Wednesday, January 07, 2015

Chincy bits from around the 'Net

So I'm minding my own business, snooping around my usual haunts, when I find a couple odd things I couldn't resist commenting on.  First:

What I find so amusing is that Christians will criticize Islam for promoting slavery, complete destruction of their enemies, etc. when the Bible says almost the exact same things.

This one got my attention because the critic doesn't even go so far as to say "Well, Crusades and Galileo and the Inquisition; that's the same as 9/11 and what's happening to the Chaldeans in Iraq."  He only goes so far as to say "Sure, Christians might condemn Islam because some Muslims of dubious fidelity can justify their actions by the Q'ran, but the Bible has examples of violence and human rights violations too!"

So what?  My response was "Show me the Christians today who kill their daughters for being raped."  The Crusades didn't happen because some "warrior pope" noticed that Psalm 150 gleefully endorses smashing the skulls of an enemy's children.  They happened because--and I realize I'm grossly oversimplifying, so bear with me--the Seljuks replaced the Arab hegemony in the Levant with something that took a much dimmer view of European pilgrims and traders.

All those nasty Bronze Age values taught in the Bible?  Old Testament.  Not to say they don't have their own significance, but there was never a time during Christianity when that stuff was considered the right and proper behavior of a Christian.  Unless you count the 21st century GOP.  Maybe that's what is inspiring this critic.

So yeah, the response to people who criticize terrorism and dhimmitude doesn't even rise above "Well, your past is checkered!"  Maybe so, but we know better now.  If opposing terrorism and dhimmitude is also wrong, then what's right?  Or is it just wrong because we're the ones doing it?  Do you have some better ideas, or are you just going to sit up there and gloat about how you and your intellectual tradition have never been uncharitable to people outside your in-group?


Second:

Atheism isn't an ideology.  It is the default position for understanding the world.

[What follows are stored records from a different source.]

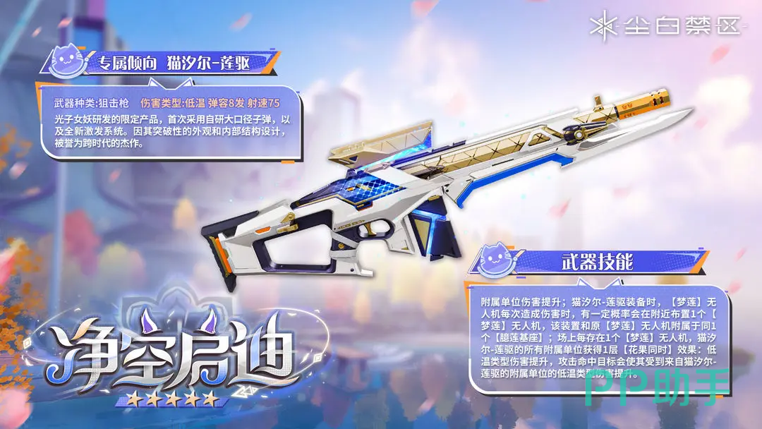 先看武器“净空启迪“,专属倾向”猫汐尔-莲驱“,这是一把狙击枪,武器技能使附属单位伤害提高,该武器装备时,”梦莲“无人机每次造成伤害时,有一定概率会在附近布置一个”梦莲“无人机,场上每拥有1个无人机,该武器所有附属单位获得1层”花果同时“效果;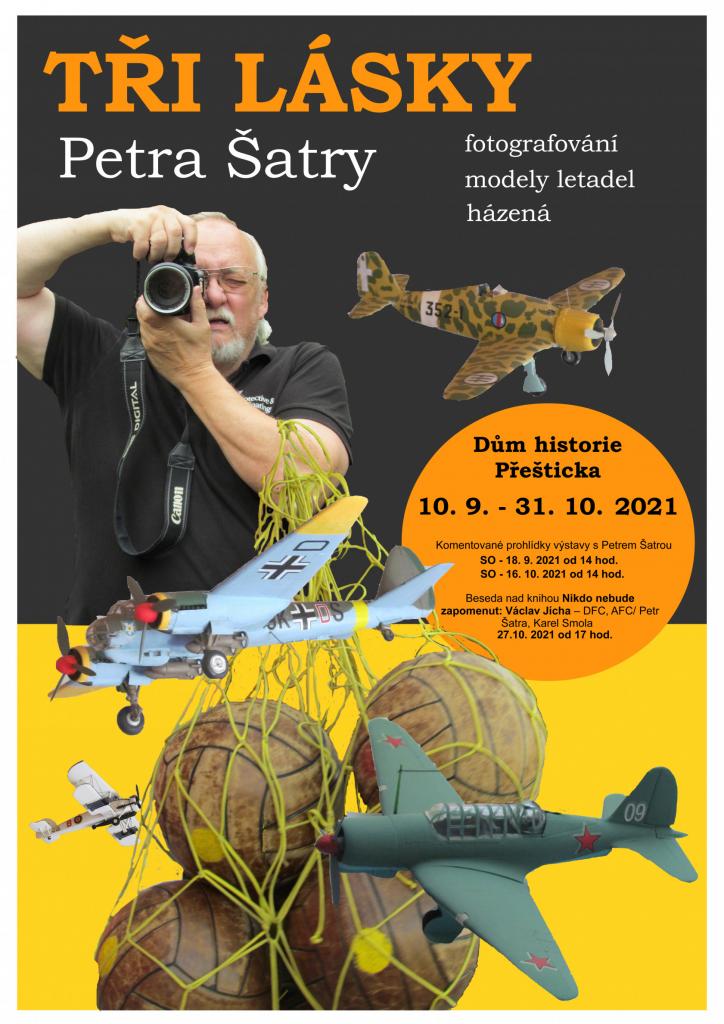 Prezentace tří celoživotních zálib Petra Šatry: fotografování, stavba modelů letadel, národní házená.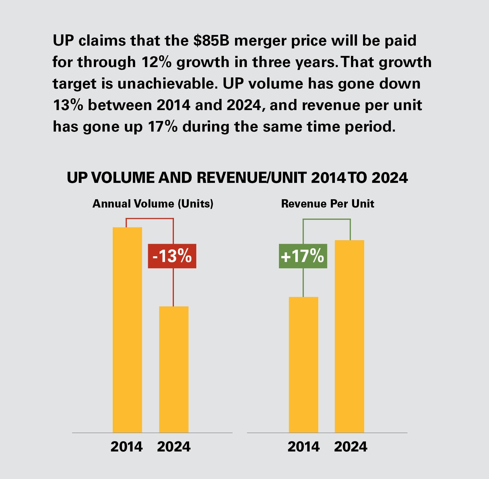 For example, after the UP-SP merger in 1996, the initial congestion in Houston created a domino effect, with rail traffic backing up for thousands of miles across the country. By the fall of 1997, the system was completely paralyzed: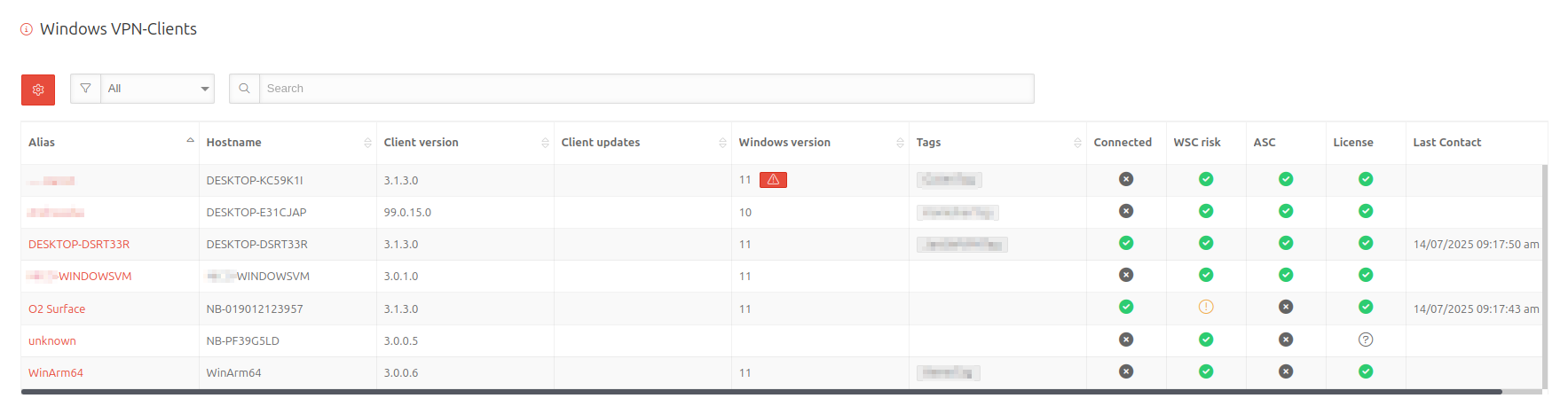 The dashboard provides an overview of the current status of the existing Windows VPN clients.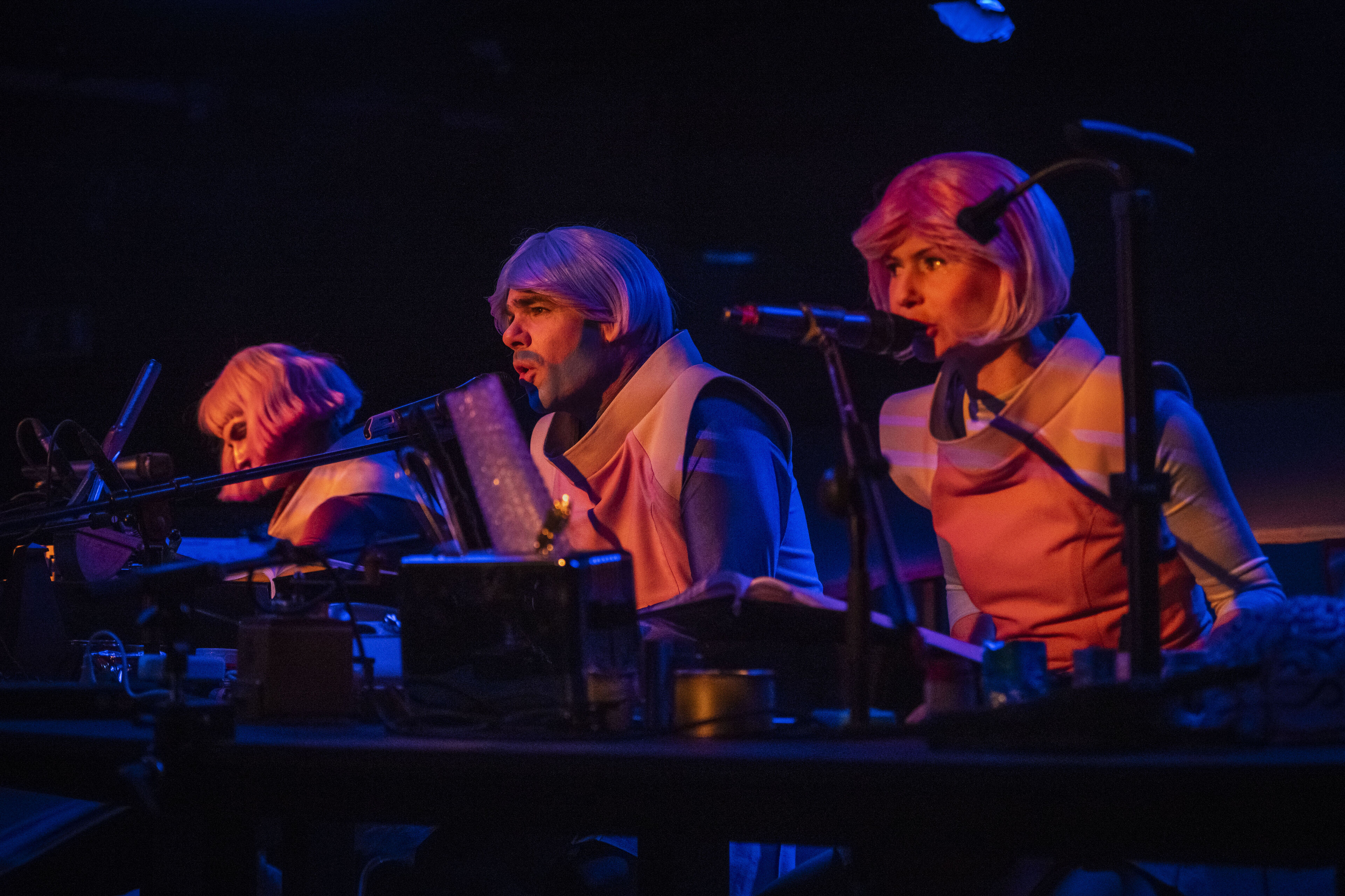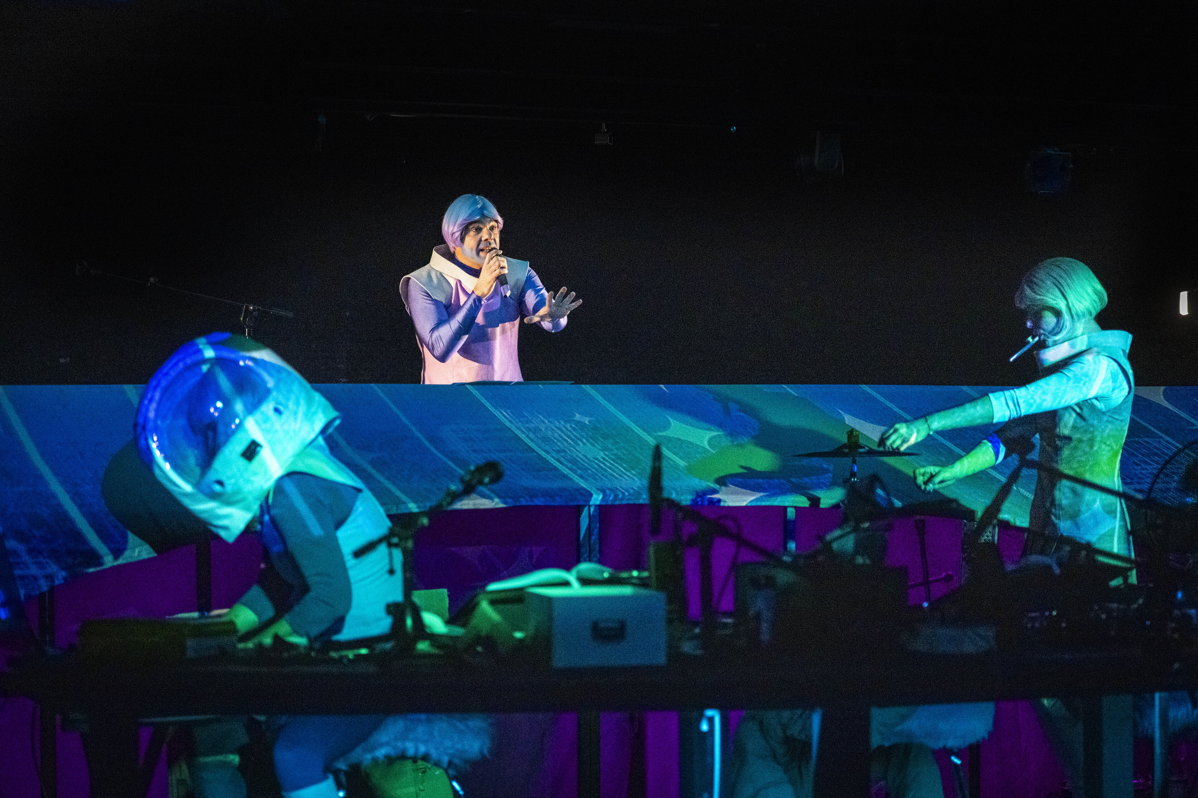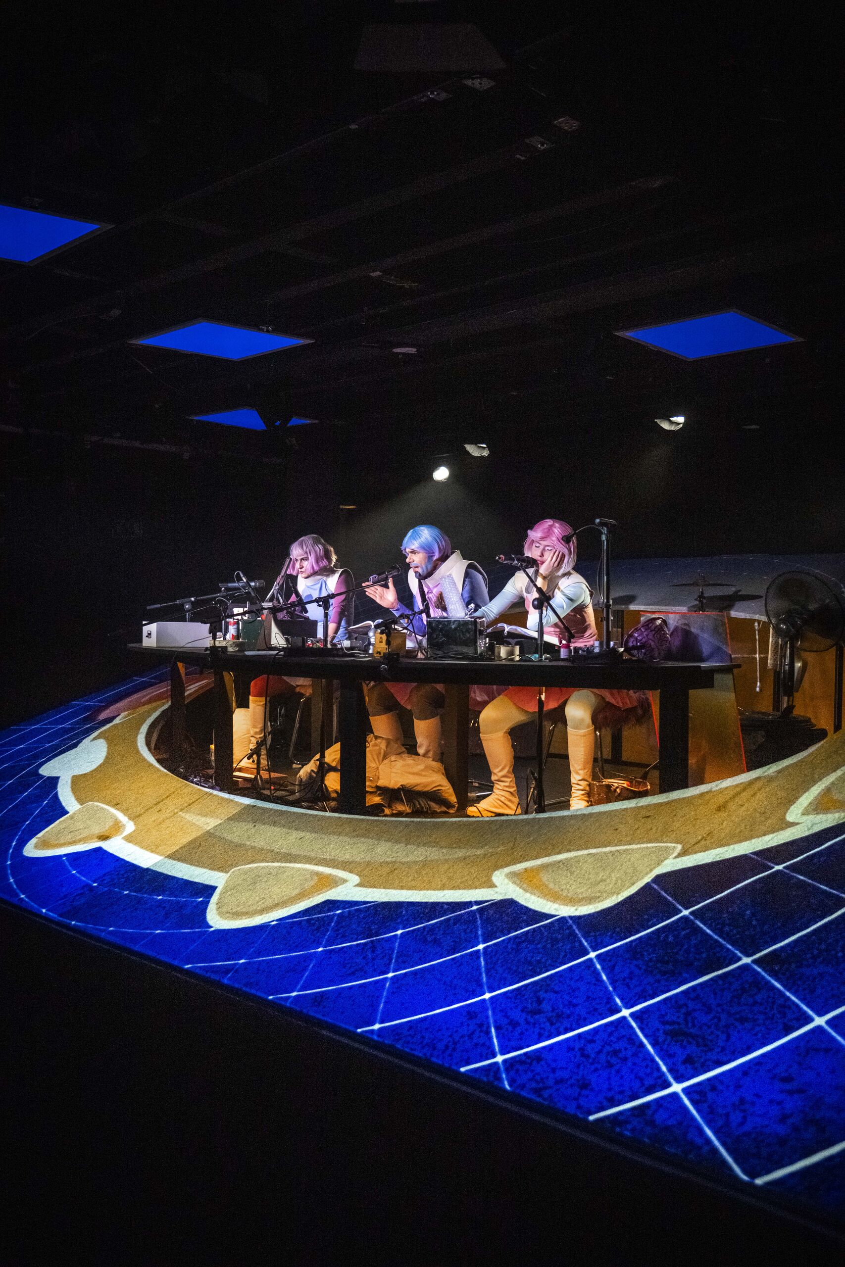 Der Regisseur Eike Hannemann verwandelt die Werkstattbühne in die Schaltzentrale für ein Live-Hörspiel. Schauspieler*innen schlüpfen in die Rollen der schrägen Figuren, sprechen live ins Mikro und erzeugen sämtliche Geräusche eigenhändig: Eine Sprühflasche könnte das Quietschen eines Raumanzugs simulieren, eine Wasserflasche zum interstellaren Sturm werden. Dinge, die eher im Haushalt als im Orbit zu finden sind, verwandeln sich in kosmische Klangwunder. Ein bisschen Science, eine Prise Fiction und ein gutes Quäntchen Fantasie – dieses Live-Hörspiel lädt dazu ein, gemeinsam mit Ijon Tichy über die Absurditäten des Menschseins zu staunen.

Okay, so atheism is your ideology of choice.  Good to know.

All I can figure here is that this critic soaks himself in a positively atheistic scientism.  He went on to say something about how belief in an afterlife is not exempt from science, because "the soul survives death and goes to exist in some new state outside the universe" is "vaguely scientific" because it describes something that is partly in nature.

No, it isn't scientific, unless you are the one who is vague about science; and not every phenomenon in the natural world is subject to science.  Some of those phenomena can be cataloged obliquely, but science won't reveal to you what they truly are.  If you're not sure, try to calculate for me the difference between the density of boogie woogie at STP, using the van der Waals equation, and the relativistic length of umami traveling at 0.92c. 

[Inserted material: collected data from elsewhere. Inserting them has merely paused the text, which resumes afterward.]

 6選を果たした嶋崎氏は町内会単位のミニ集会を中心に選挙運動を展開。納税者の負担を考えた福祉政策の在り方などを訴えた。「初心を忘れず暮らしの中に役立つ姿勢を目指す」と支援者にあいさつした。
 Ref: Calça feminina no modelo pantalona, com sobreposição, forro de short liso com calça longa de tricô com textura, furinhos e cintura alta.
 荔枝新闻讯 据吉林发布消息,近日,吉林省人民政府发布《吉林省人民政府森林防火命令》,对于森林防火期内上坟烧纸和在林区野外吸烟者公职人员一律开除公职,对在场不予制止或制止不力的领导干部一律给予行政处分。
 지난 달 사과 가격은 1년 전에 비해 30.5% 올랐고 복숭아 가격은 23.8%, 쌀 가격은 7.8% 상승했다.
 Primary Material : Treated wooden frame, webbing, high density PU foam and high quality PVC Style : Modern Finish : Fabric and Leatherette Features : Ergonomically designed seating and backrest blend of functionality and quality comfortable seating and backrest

Whether the soul occupies or animates the body during life is a philosophical question.  Scientists may see the change when a soul departs from a body, but the sciences don't.

I think this distinction gets overlooked a lot.  Most scientists, believers and otherwise, just go about their business doing research and pimping for funding and whatnot.  A few atheistic evangelists who happen to have a STEM degree or pursue science as their day job or avocation then get credit for being "prominent and well-respected scientists who don't believe in God."  Okay, that's a half dozen any American might be able to name off the top of his head, compared to thousands or millions who don't sit down each morning at their lab benches and say "Okay, I do/don't believe in God, so this is the experiment I'm going to do to prove it for my next book."